CAPITULO — LA CONFESIÓN
—Caro… —murmuré, apoyándome con una mano en la cama para no moverlo demasiado— vení, acostate un rato, ¿sí?
Ella hizo un gesto de cansancio, casi más con los hombros que con la cara. Tenía esa rigidez de quien se sostuvo de pie mucho tiempo y recién ahora se permitía aflojar.
—No … —alcanzó a decir.
—Sí te hace falta —insistí, suave—. Vení, dejame ayudarte.
Me acerqué despacio. Primero le saqué los lentes con cuidado, como si fueran parte de ella, y los dejé en la mesita, justo al lado de las gotitas. Después me agaché, busqué el nudo de los cordones y le saqué los zapatos uno por uno, sintiendo el peso de sus pies rendidos en mis manos. No dijo nada. Solo suspiró.

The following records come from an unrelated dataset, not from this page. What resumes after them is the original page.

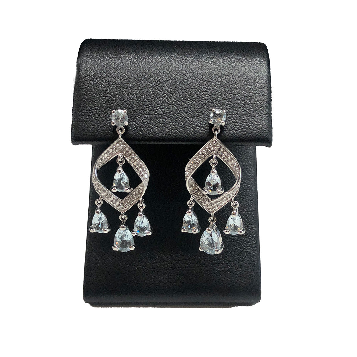 - 14 k White Gold Aquamarine & Diamond Chip Earrings
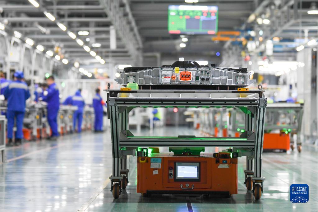 2月16日,在上汽時(shí)代動(dòng)力電池系統有限公司車(chē)間,一輛運輸車(chē)在運送安裝完成的動(dòng)力電池系統件。常州市擁有鋰電池電芯及配套生產(chǎn)企業(yè)120余家,動(dòng)力電池產(chǎn)業(yè)2022年實(shí)現產(chǎn)值超1700億元。
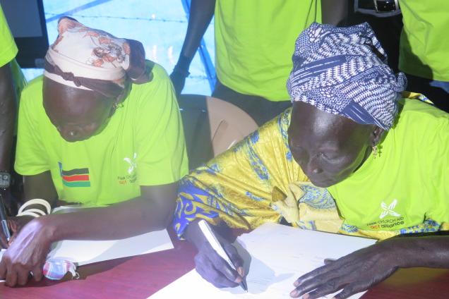 Participants in the peace process signing the peace agreement between Murle and Dinka communities.
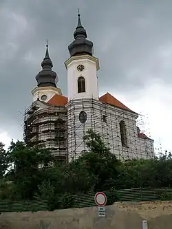 Jedná se o dokonale symetrickou barokní centrální stavbu o půdorysu řeckého kříže (přibližně 25 × 20 m). Kostel má ústřední čtvercový prostor a apsidy na hlavní ose. Na diagonálách chrámové lodi se nacházejí čtyři osmiboké kaple. Zevně je stavba zhruba čtyřboká. Má dvě věže téhož půdorysu s vysokými báněmi a konvexní rizalit v západním průčelí. Nad ústředním prostorem je monumentální placková klenba s freskovou výzdobou od Franze Müllera z roku 1750.
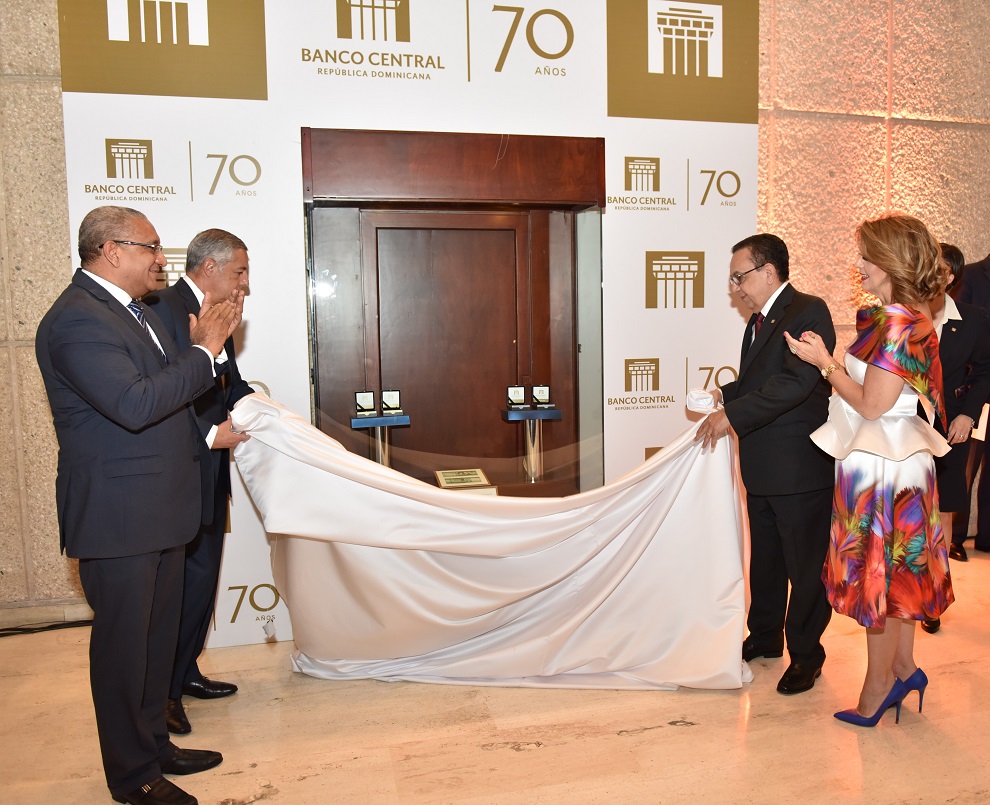 También con motivo de su 70 aniversario, el BCRD acuñó una moneda conmemorativa de 70 pesos dominicanos en versiones de oro y plata. La moneda tiene en su anverso el isotipo de la nueva identidad visual del BCRD, consistente en una representación de la edificación de catorce pisos que alberga las oficinas ejecutivas y administrativas de la institución, considerada como una de las joyas de la arquitectura moderna dominicana, obra del arquitecto dominicano Rafael Calventi, junto a la leyenda ‘LXX Aniversario Banco Central’ y los años ‘1947-2017’.

—Recostate un rato —repetí, acomodando las almohadas detrás de su espalda—. ¿Querés que te ponga las gotitas ahora o en un rato?
—Gabriel… no es necesario —susurró, la voz apagada.
—Sí es necesario —contesté, sin discutir el tema—. Tenés que cuidarte. Tenés que estar bien para mañana.